224 216.244.66.250 - - 27/Aug/2017:08:02:49 +0000 GET /robots.txt HTTP/1.1 200 359 - Mozilla/5.0 (compatible; DotBot/1.1; http://ww...
142 86.183.91.158 - - 27/Aug/2017:07:50:23 +0000 GET /favicon.ico HTTP/1.1 404 503 - MobileSafari/602.1 CFNetwork/811.5.4 Darwin/16...
243 73.246.74.104 - - 27/Aug/2017:08:08:02 +0000 GET /irene/cross/12-jesus-dies-on-the-cross.jp... 200 77292 https://www.bing.com/ Mozilla/5.0 (Windows NT 10.0; Win64; x64) Appl...

Reading json from a web data service¶

More and more forward-thinking companies and government services make data available by simple web requests. Here is an example, stop-and-search data from data.police.uk.

The first step is to import the Python module for making web requests. When I'm developing data code I like to build it up in small steps, which means lots of repeated requests, so I also like to use another Python module which caches responses. This means I don't hammer the service unnecessarily.

In [15]:
import requests, requests_cache
requests_cache.install_cache('data/stopsearch')

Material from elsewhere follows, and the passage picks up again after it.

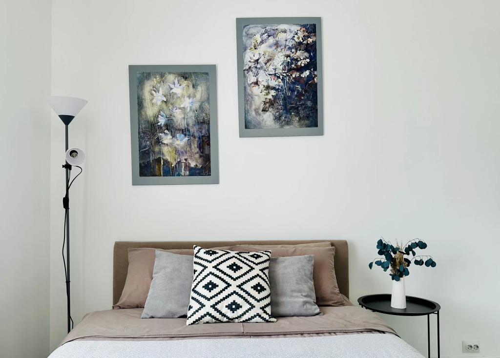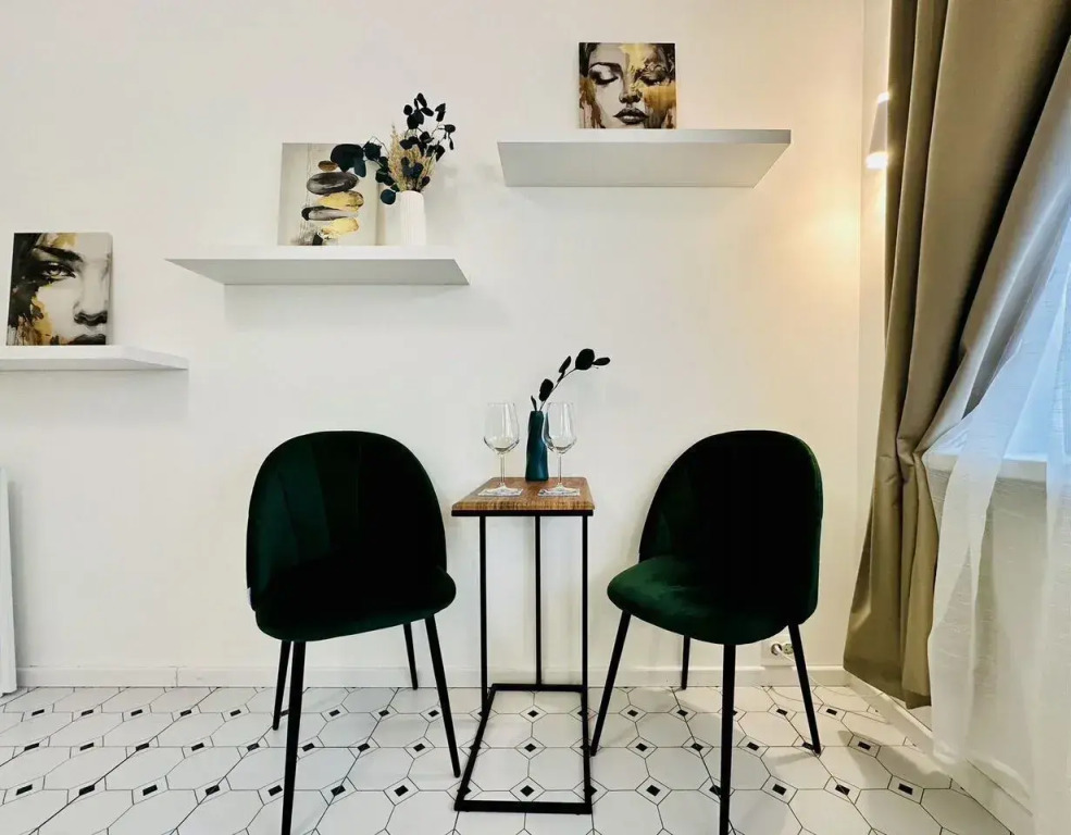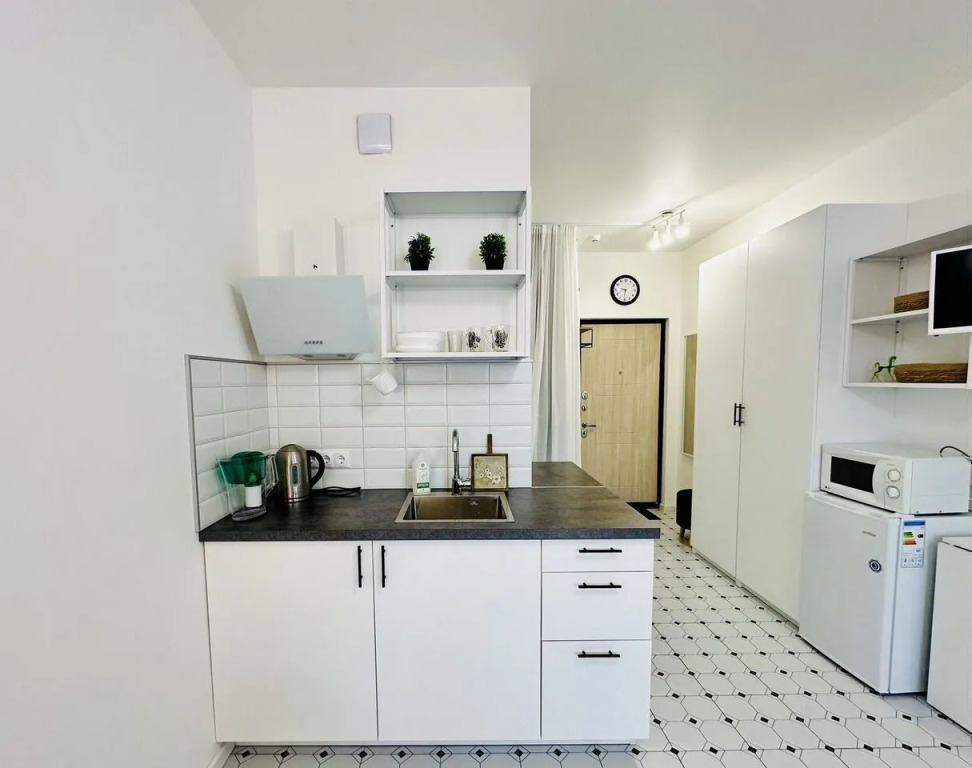 For the convenience of guests there is: a bed with an orthopedic mattress, a topper and bed linen. The kitchen is equipped with a refrigerator, microwave, hood, induction hob, kettle, dishes and a washing machine. Basic amenities are provided: tea, coffee and sweets as a welcome set, two towels for each guest, shampoo, shower gel, soap, washing powder, salt, sugar, sunflower oil and disposable slippers.

The API documentation tells us the URL for fetching a list of available data. Let's try it.

In [16]:
# Make the request. This should print out <Response [200]>, meaning successfully retrieved
AVAILABILITY_URL = 'https://data.police.uk/api/crimes-street-dates'
stations_resp = requests.get(AVAILABILITY_URL)
stations_resp
Out[16]:
<Response [200]>

Now let's look at the body of the response. It's likely to be very long, so we'll only print out the first 300 characters.

In [17]:
stations_resp.text[:300]
Out[17]:
'[{"date":"2023-09","stop-and-search":["avon-and-somerset","bedfordshire","btp","cambridgeshire","city-of-london","cleveland","cumbria","derbyshire","dorset","durham","essex","gloucestershire","hampshire","hertfordshire","kent","lancashire","leicestershire","lincolnshire","merseyside","norfolk","nort'

It looks like JSON, "JavaScript Object Notation", a common format for web data services.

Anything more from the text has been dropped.